An exact, picture-free copy of the listing is required.

▸ Data for processing
Segment Open
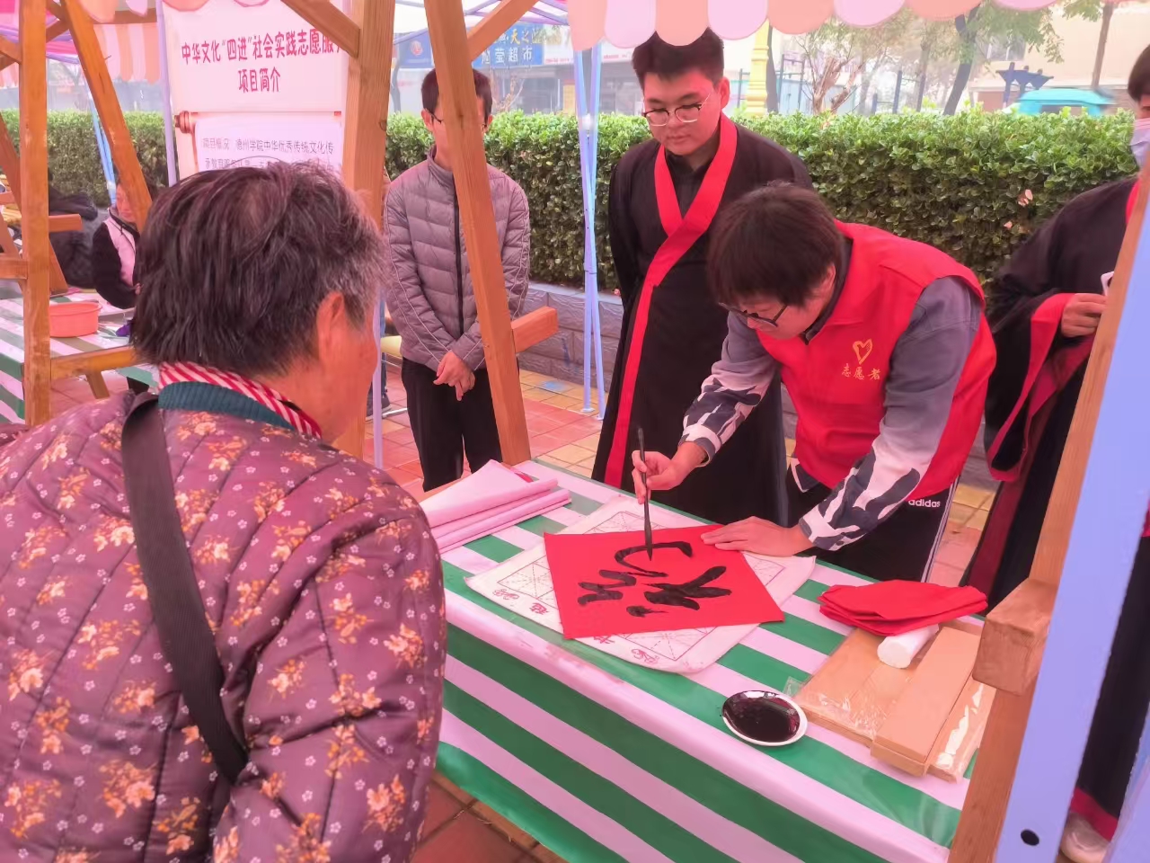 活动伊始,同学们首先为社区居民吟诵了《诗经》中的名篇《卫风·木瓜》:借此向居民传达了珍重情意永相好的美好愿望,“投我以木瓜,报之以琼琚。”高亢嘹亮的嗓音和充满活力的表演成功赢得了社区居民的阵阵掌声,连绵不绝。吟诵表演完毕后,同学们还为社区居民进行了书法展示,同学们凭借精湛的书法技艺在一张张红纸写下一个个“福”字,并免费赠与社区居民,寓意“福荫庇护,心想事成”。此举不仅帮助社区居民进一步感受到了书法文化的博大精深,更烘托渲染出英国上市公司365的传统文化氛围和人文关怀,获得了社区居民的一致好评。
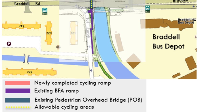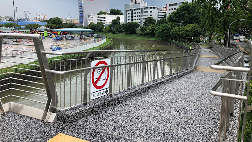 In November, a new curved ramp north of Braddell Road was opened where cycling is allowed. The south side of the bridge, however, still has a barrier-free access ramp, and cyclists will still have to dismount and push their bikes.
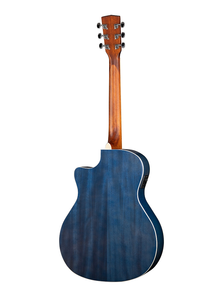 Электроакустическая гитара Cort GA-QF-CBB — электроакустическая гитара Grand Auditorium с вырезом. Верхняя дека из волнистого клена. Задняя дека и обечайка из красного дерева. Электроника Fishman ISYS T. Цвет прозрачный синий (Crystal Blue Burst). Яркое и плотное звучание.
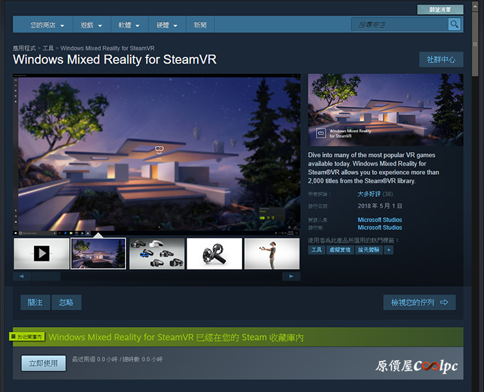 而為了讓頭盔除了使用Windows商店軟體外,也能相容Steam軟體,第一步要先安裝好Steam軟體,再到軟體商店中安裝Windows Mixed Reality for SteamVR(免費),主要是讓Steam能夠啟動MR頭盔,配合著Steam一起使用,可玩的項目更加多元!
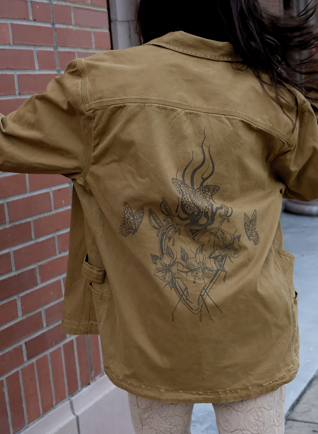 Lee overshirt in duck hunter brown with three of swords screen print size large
Segment Closed
▸ Reply
 活动伊始,同学们首先为社区居民吟诵了《诗经》中的名篇《卫风·木瓜》:借此向居民传达了珍重情意永相好的美好愿望,“投我以木瓜,报之以琼琚。”高亢嘹亮的嗓音和充满活力的表演成功赢得了社区居民的阵阵掌声,连绵不绝。吟诵表演完毕后,同学们还为社区居民进行了书法展示,同学们凭借精湛的书法技艺在一张张红纸写下一个个“福”字,并免费赠与社区居民,寓意“福荫庇护,心想事成”。此举不仅帮助社区居民进一步感受到了书法文化的博大精深,更烘托渲染出英国上市公司365的传统文化氛围和人文关怀,获得了社区居民的一致好评。
 In November, a new curved ramp north of Braddell Road was opened where cycling is allowed. The south side of the bridge, however, still has a barrier-free access ramp, and cyclists will still have to dismount and push their bikes.
 Электроакустическая гитара Cort GA-QF-CBB — электроакустическая гитара Grand Auditorium с вырезом. Верхняя дека из волнистого клена. Задняя дека и обечайка из красного дерева. Электроника Fishman ISYS T. Цвет прозрачный синий (Crystal Blue Burst). Яркое и плотное звучание.
 而為了讓頭盔除了使用Windows商店軟體外,也能相容Steam軟體,第一步要先安裝好Steam軟體,再到軟體商店中安裝Windows Mixed Reality for SteamVR(免費),主要是讓Steam能夠啟動MR頭盔,配合著Steam一起使用,可玩的項目更加多元!
 Lee overshirt in duck hunter brown with three of swords screen print size large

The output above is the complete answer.